- DATASET EXCERPTS
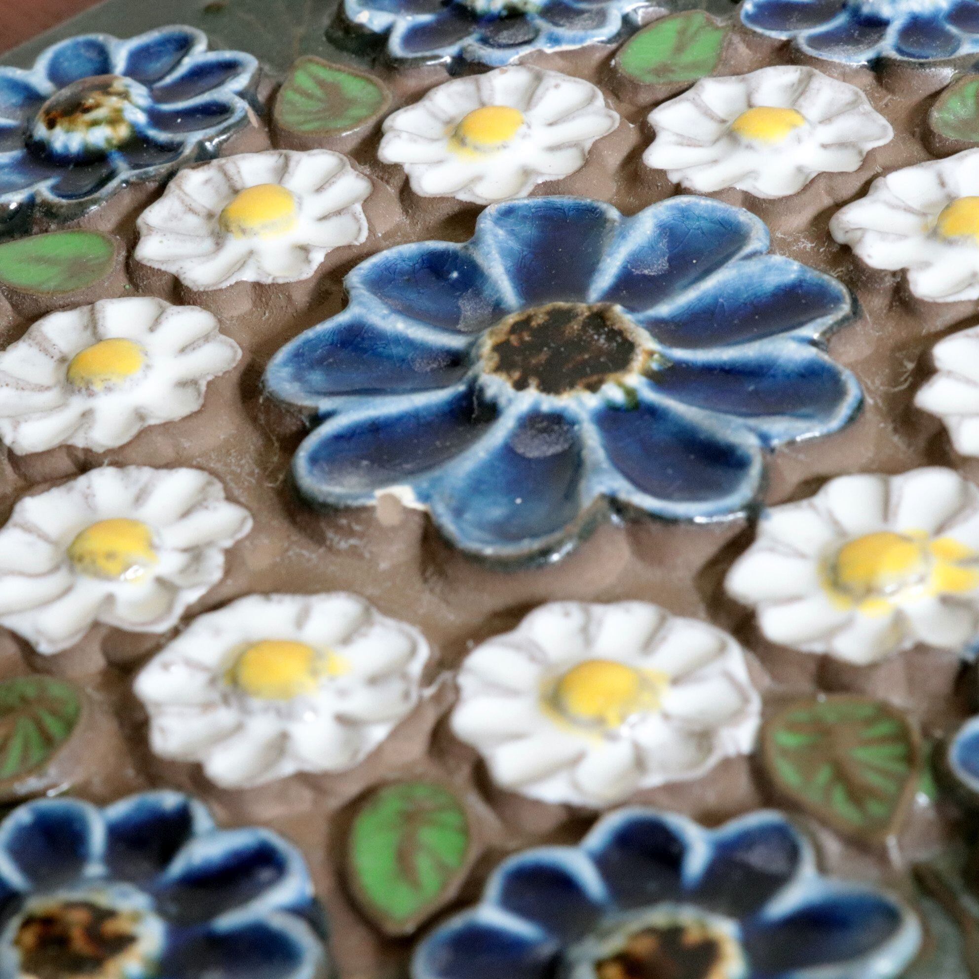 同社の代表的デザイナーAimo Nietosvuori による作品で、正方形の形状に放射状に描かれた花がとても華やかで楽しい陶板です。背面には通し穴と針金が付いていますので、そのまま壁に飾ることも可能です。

---

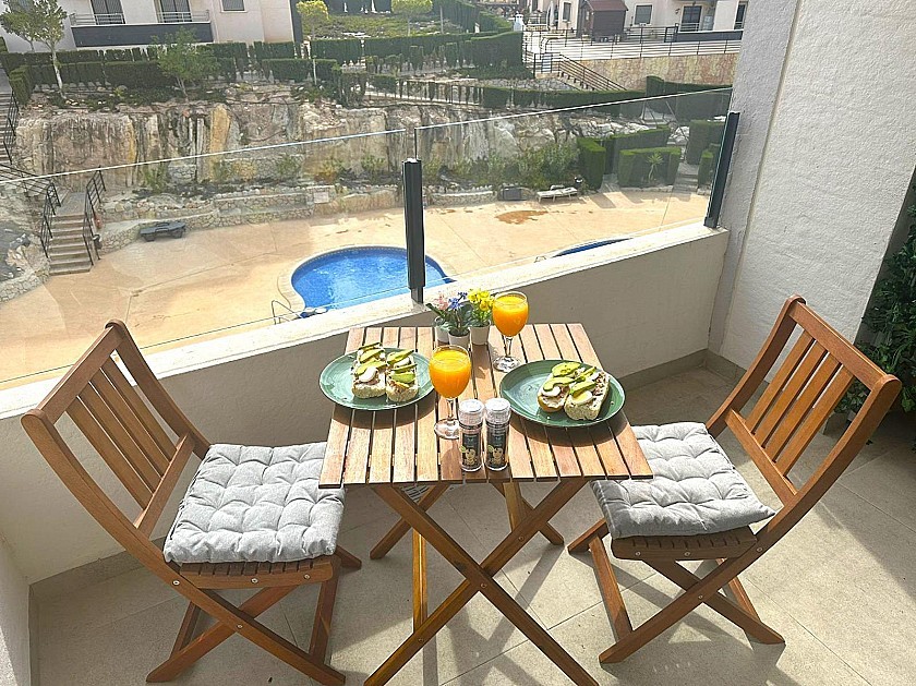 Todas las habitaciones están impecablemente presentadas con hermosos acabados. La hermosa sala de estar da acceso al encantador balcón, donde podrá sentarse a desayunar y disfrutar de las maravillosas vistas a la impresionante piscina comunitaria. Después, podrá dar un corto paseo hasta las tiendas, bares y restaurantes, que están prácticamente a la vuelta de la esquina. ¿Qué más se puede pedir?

--

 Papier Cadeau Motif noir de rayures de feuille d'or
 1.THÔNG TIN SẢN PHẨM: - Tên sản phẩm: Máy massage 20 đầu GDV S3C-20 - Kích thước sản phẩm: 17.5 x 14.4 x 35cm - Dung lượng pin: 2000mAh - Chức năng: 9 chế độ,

- WORK INSTRUCTION
Go through the listing above and write out exactly the lines starting with the one holding "Papier Cadeau Motif" and running through the one holding "1.THÔNG TIN SẢN", ends included, and no others.

- SOLUTION TO THE EXERCISE
 Papier Cadeau Motif noir de rayures de feuille d'or
 1.THÔNG TIN SẢN PHẨM: - Tên sản phẩm: Máy massage 20 đầu GDV S3C-20 - Kích thước sản phẩm: 17.5 x 14.4 x 35cm - Dung lượng pin: 2000mAh - Chức năng: 9 chế độ,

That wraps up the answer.